[Entries supplied — start]

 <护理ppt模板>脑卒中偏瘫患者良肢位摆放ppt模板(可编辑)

[Entries supplied — finish]
[Entries supplied — start]

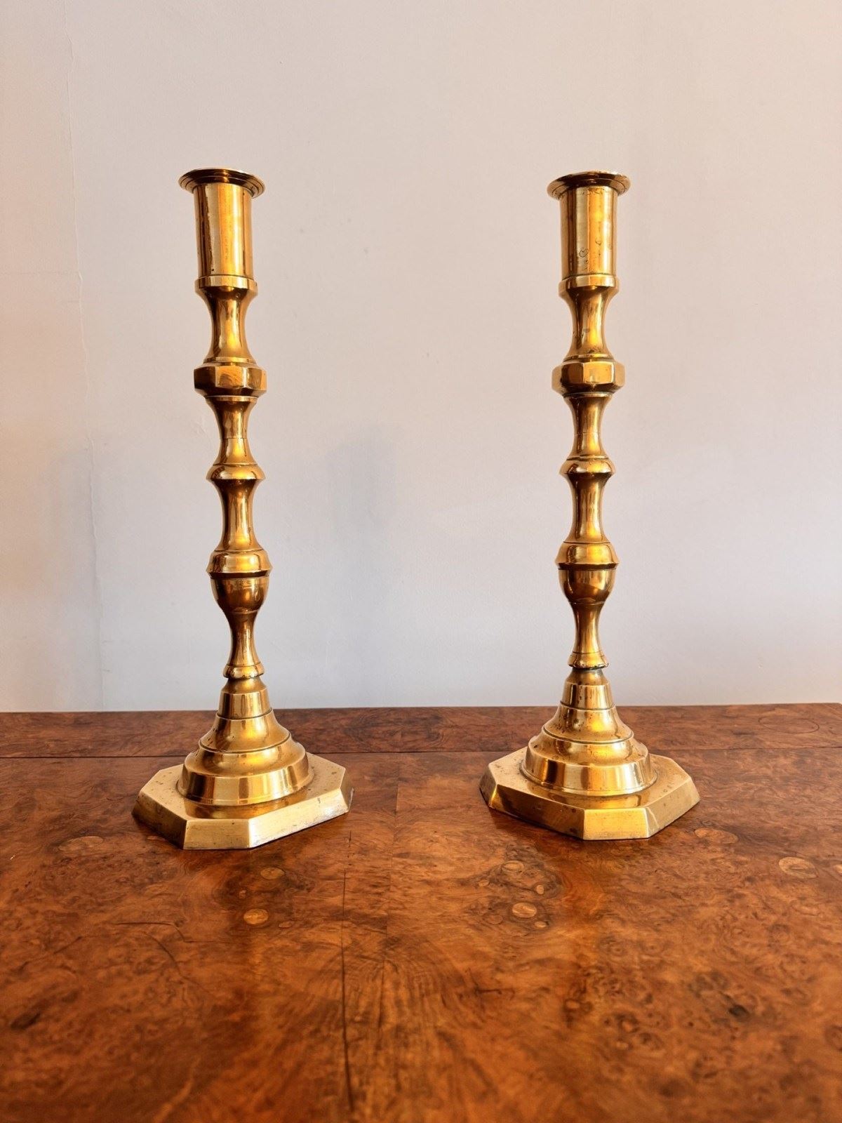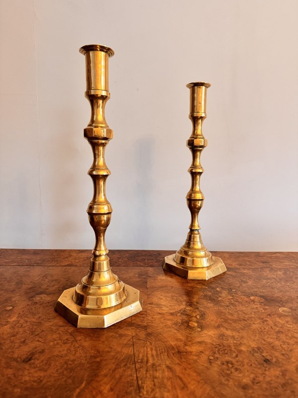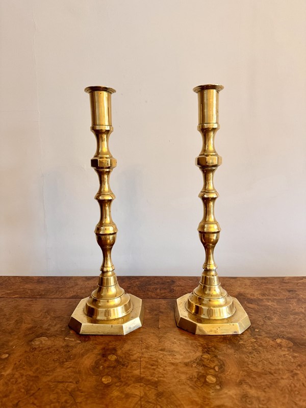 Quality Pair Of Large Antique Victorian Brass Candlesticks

[Entries supplied — finish]
[Entries supplied — start]

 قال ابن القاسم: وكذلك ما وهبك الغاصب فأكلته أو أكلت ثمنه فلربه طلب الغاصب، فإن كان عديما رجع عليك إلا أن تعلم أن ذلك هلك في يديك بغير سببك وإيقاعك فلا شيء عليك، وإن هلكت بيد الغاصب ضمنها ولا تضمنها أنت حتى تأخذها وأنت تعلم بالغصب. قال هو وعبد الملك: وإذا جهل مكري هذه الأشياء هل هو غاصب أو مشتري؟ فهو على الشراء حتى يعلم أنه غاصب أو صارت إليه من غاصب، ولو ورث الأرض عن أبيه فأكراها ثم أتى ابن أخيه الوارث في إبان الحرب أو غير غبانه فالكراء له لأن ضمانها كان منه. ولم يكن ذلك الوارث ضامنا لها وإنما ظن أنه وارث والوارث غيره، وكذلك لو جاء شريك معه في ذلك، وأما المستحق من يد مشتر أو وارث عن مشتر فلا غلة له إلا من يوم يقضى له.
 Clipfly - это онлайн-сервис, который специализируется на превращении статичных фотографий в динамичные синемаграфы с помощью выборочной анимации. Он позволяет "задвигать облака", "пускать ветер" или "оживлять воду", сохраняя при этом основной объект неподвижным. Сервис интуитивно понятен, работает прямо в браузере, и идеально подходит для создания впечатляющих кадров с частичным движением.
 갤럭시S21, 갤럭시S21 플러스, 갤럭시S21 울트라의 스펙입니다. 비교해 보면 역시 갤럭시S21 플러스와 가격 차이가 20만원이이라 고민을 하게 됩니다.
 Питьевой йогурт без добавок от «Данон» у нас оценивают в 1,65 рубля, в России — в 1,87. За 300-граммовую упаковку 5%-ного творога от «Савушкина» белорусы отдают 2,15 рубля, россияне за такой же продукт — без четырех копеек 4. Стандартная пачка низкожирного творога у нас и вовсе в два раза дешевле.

[Entries supplied — finish]

- **Exercise directions**:
Find the line with "Clipfly - это" in the material above. Reproduce it and each line after it up to and including the line with "Питьевой йогурт без".

- **Solution for this problem**:
 Clipfly - это онлайн-сервис, который специализируется на превращении статичных фотографий в динамичные синемаграфы с помощью выборочной анимации. Он позволяет "задвигать облака", "пускать ветер" или "оживлять воду", сохраняя при этом основной объект неподвижным. Сервис интуитивно понятен, работает прямо в браузере, и идеально подходит для создания впечатляющих кадров с частичным движением.
 갤럭시S21, 갤럭시S21 플러스, 갤럭시S21 울트라의 스펙입니다. 비교해 보면 역시 갤럭시S21 플러스와 가격 차이가 20만원이이라 고민을 하게 됩니다.
 Питьевой йогурт без добавок от «Данон» у нас оценивают в 1,65 рубля, в России — в 1,87. За 300-граммовую упаковку 5%-ного творога от «Савушкина» белорусы отдают 2,15 рубля, россияне за такой же продукт — без четырех копеек 4. Стандартная пачка низкожирного творога у нас и вовсе в два раза дешевле.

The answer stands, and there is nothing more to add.